There is a disturbing trend under way in Washington these days where politicians threaten Draconian action as a "stick" to coerce a result they desire. They do this even while they acknowledge that swinging the stick won't solve the problem it purports to address and most likely will exacerbate it and lead to undesirable consequences. They typically justify their use of provocative and extreme threats as the only means available to rectify a situation they characterize as a pending "crisis" or a "systemic meltdown."
The most recent instance that comes to mind immediately is levying huge protectionist tariffs on selected trading partners (China) to stifle their exports into the United States and to coerce them into artificially altering the value of their currency. It is an extremely dangerous stratagem to impose a protectionist tariff on China just because some people believe we are importing too many Chinese goods and would like to coerce the Chinese government into cutting their currency free of its link to the dollar. For example, Sen. Charles Schumer, D-N.Y., has introduced a bill to hit all Chinese imports with a 27.5 percent protectionist tariff, which is co-sponsored by the Democratic Senate Leader Harry Reid, (D-Nev.) and the junior senator from New York, Hillary Clinton (D-NY).
Red flags are raised immediately by the way supporters of smacking China in the face with a huge protective tariff mangle the English language to distort reality. Schumer is fond of calling his bill a "tough-love effort" to force the Chinese to "stop playing games with their currency." Similarly, other senators supporting the legislation insist it is crafted to pressure the Chinese into "ending their currency manipulation."
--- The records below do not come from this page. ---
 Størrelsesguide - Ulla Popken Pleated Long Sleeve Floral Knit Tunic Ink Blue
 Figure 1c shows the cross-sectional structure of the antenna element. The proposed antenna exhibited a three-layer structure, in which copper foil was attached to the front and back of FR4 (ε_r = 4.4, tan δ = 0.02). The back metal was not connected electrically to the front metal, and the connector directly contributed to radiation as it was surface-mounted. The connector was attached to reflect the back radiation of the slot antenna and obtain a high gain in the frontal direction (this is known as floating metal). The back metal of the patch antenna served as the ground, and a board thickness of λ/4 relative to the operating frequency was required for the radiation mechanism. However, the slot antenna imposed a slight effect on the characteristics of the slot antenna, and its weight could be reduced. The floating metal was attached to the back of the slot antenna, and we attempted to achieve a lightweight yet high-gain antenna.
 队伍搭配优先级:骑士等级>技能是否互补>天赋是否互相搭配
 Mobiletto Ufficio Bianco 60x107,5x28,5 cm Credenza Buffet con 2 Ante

How can one rightly call anchoring a nation's currency to the dollar, as China does, "playing games" or "manipulating" their currency? Was it "currency manipulation" under the Bretton Woods international monetary system when the value of the dollar was fixed at a specific weight of gold and the value of foreign currencies then fixed to the dollar? It may be the best policy or the worst possible policy (I happen to think it was one of the best) but it certainly isn't "manipulative." There is substantial professional opinion among economists that a nation can effectively stabilize the value of its currency (especially if it isn't widely traded) and de-politicize its monetary policy by linking it to a strong foreign currency like the dollar or the euro.
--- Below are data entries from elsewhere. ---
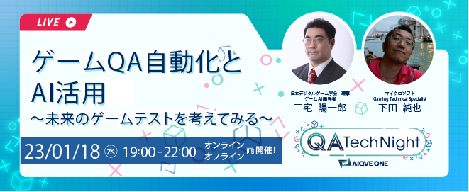 「品質管理に、革命を。」を理念に、ゲームのテスト自動化などの品質管理事業を展開するAIQVE ONE(アイキューブワン)株式会社(本社:東京都千代田区、代表取締役社長:山崎太郎、以下AIQVE ONE)は、2023年1月18日(水)にゲーム開発に携わっている方、品質管理に携わっている方を対象にしたセミナーイベント「QA Tech Night vol.7」をオフライン・オンラインのハイブリッド形式にて開催いたします。
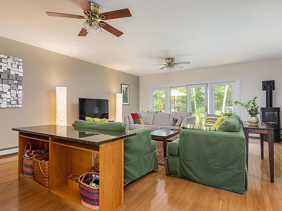 This beautiful home offers one floor living on a gorgeous lot in a quiet and convenient Brunswick neighborhood just minutes to downtown Brunswick. Step into the spacious entryway that leads to the open living, dining and kitchen area with a spectacular view to the private backyard. The kitchen offers abundant storage, granite counters, recent stainless steel appliances and a great peninsula adjacent to the dining area with a propane fireplace. The living room has abundant natural light and opens to the deck and backyard that is a birder's paradise and is adjacent to conservation land and hiking trails. The primary bedroom offers a large walk-in closet and ensuite bath. The second bedroom also has an ensuite bath with an entry for guests as well. The third bedroom is currently used as a home office with built-ins. The lower level offers multiple rooms for additional living, storage and work space, and includes a third bath. This beautifully maintained home has 9 foot ceilings throughout, is well landscaped with an irrigation system, and has an outlet to accommodate a level 2 car charger in the 2 car garage. Come see this move-in ready home.
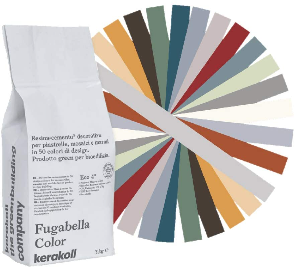 Kerakoll Fugabella Color Grout არის დეკორატიული ფისოვანი ცემენტის გრუტი კერამიკული და ფაიფურის ფილების, მოზაიკის და ბუნებრივი ქვის დასაბანად, ხელმისაწვდომია 50 ფერის დიზაინის დიაპაზონში. მწვანე პროდუქტი ბიოშენებისთვის.

Imposing a 27.5 percent tariff on Chinese imports not only would be disastrous in its own right, it would not stop there. China almost certainly would retaliate, and the seeds of a trade war would be sown. The Schumer-Hillary tariff on China could easily turn into the Smoot-Hawley tariff of the 21st century. Just as Smoot-Hawley quickly got out of control - expanding originally from an effort to protect farmers - so too would Schumer-Hillary get out of control as other petitioners quickly lined up to demand protection against other countries "flooding" our economy with "cheap" goods and "manipulating" their currencies to give their exports an "unfair" advantage.
There is a permanent lobby in Washington for replacing free trade with managed trade led primarily by Fred Bergsten, a former assistant secretary of Treasury for international affairs under President Jimmy Carter and now the director of the Institute for International Economics. Bergsten recently made a pitch before the Counsel on Foreign Relations for a pre-emptive 50 percent tariff on China to prevent an international economic calamity. Even former Nixon Commerce Secretary Pete Peterson, who supports the idea, acknowledges that a hefty protectionist tariff on China is playing with fire. Peterson said, "I don't suggest using sticks lightly. They're a very dangerous thing to get started because they can result in retaliation and so forth."
The simple truth is, there is no demonstrable instance in economic history where nations were made worse off by free and open trade. There are only doomsday scenarios spun out of the imagination of half-baked economists that are concocted to spur governments to act pre-emptively. There are, however, innumerable instances where a false fear of free trade (usually goaded by economic interests who benefit in the short run from protectionist policies) has led a government to "pre-empt a crisis" with protectionist policies that very quickly cascaded into a genuine economic calamity. Smoot-Hawley is the most dramatic instance in the last hundred years. Let's not tempt fate with a Schumer-Hillary tariff that could become the Smoot-Hawley tariff of the 21st century.